Try it → Only the stretch below from the line holding "Figura 10 Punto" through the line holding "볼트 이음부 피로 성능시험" should be restated, word for word and with both ends included; pictures stay out.
- Opening Delimiter -
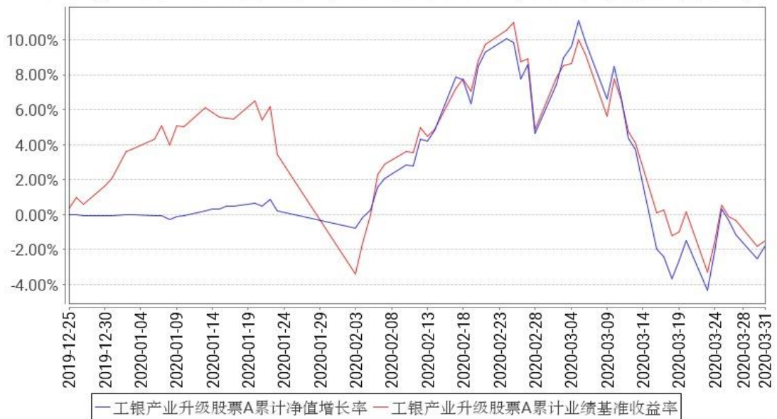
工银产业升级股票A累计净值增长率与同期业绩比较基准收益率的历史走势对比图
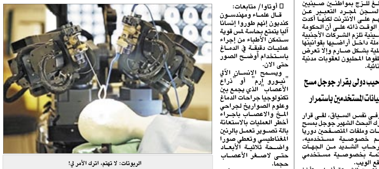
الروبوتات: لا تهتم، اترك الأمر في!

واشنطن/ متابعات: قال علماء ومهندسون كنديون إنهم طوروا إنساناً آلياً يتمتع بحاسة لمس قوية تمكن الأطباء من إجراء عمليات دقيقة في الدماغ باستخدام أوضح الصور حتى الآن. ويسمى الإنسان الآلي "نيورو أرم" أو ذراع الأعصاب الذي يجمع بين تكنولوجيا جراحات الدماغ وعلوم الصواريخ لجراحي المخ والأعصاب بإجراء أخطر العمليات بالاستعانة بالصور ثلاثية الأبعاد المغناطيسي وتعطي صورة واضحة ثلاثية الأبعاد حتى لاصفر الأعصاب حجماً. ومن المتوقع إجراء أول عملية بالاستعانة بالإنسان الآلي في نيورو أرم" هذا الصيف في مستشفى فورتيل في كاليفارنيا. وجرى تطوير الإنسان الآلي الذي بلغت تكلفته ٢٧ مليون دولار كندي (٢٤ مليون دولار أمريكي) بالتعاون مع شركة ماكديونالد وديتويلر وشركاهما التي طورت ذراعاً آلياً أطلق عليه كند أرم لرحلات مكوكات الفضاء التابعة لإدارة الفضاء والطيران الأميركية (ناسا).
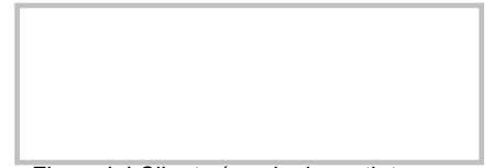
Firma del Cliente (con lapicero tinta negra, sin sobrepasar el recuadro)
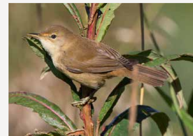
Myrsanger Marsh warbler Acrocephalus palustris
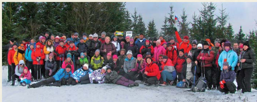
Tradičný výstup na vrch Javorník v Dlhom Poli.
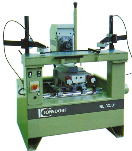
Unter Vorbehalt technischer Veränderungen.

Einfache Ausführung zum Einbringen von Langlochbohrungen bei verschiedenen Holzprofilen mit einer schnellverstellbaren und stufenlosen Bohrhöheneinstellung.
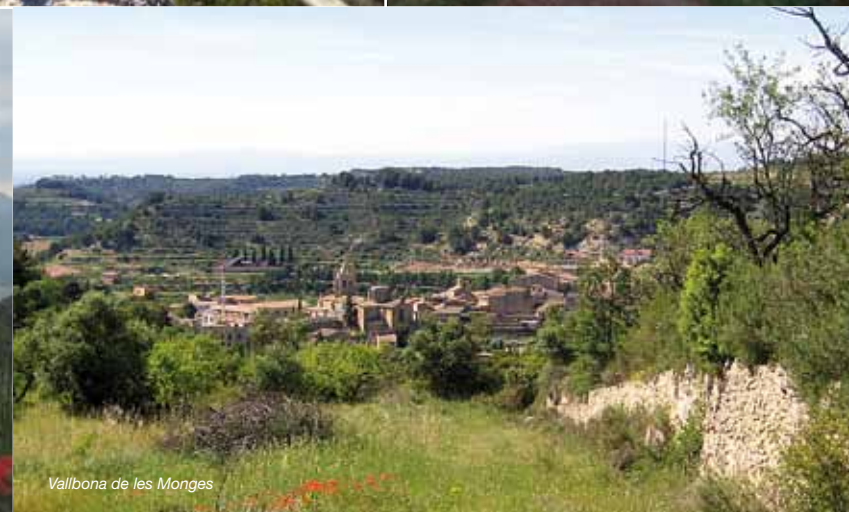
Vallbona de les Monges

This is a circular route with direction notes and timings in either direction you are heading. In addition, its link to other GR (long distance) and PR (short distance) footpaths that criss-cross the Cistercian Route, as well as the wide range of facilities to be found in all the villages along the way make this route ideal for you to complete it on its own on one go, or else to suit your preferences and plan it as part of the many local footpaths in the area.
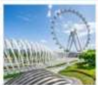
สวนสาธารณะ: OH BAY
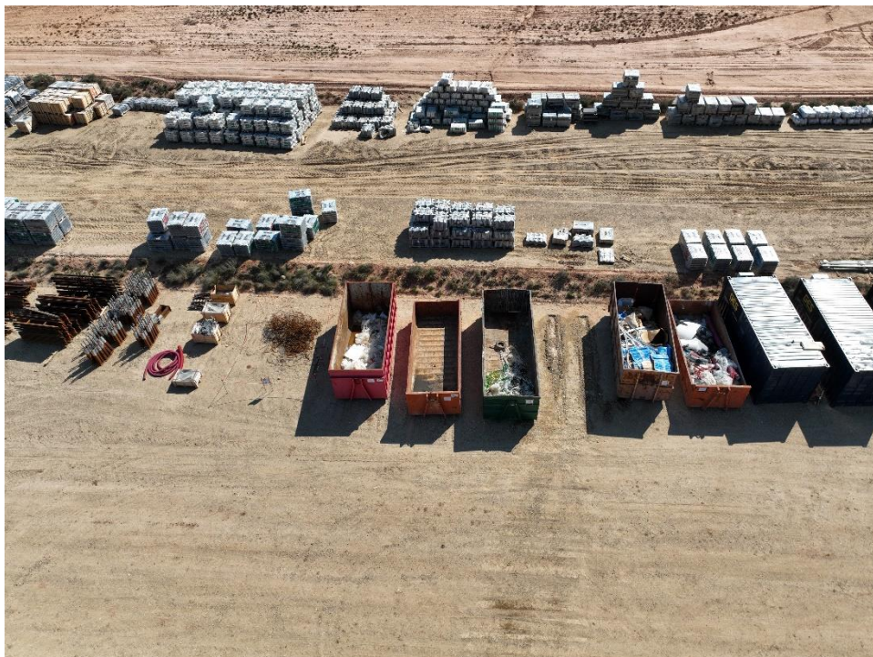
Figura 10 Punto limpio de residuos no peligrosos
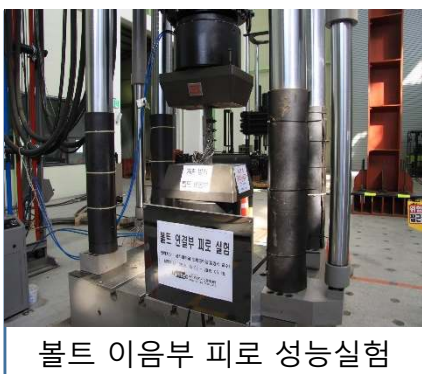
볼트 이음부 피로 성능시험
- Closing Delimiter -
- Opening Delimiter -
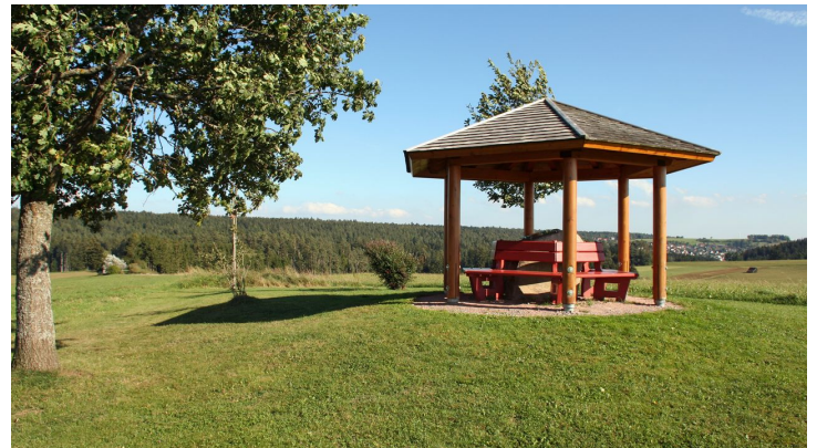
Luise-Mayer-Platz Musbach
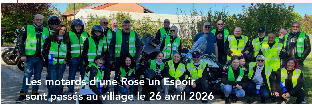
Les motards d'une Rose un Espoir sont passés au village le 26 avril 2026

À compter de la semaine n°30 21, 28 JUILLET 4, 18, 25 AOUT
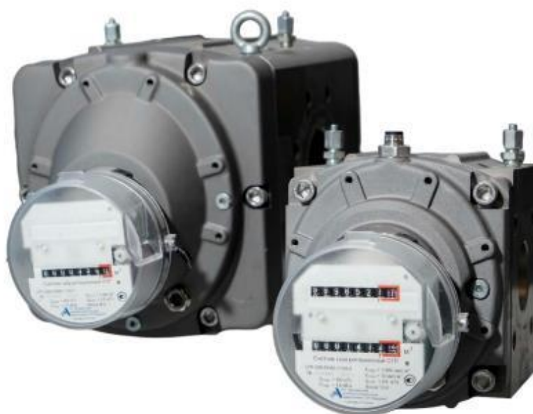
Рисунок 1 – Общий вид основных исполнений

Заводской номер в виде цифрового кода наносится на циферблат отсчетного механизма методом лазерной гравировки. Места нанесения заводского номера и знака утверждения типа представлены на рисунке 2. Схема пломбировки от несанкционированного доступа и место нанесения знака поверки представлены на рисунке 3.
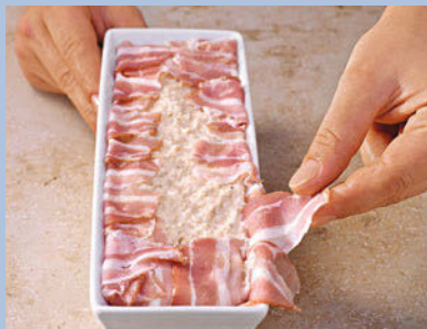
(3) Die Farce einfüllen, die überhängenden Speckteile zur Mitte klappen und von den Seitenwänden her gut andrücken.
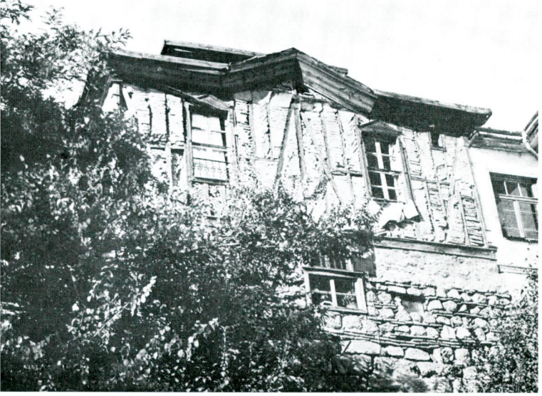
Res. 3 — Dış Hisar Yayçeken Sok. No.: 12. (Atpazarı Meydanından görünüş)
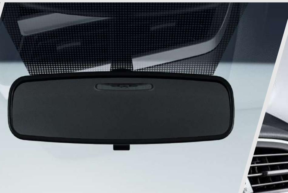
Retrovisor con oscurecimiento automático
- Closing Delimiter -
Reply to the exercise →
Figura 10 Punto limpio de residuos no peligrosos
볼트 이음부 피로 성능시험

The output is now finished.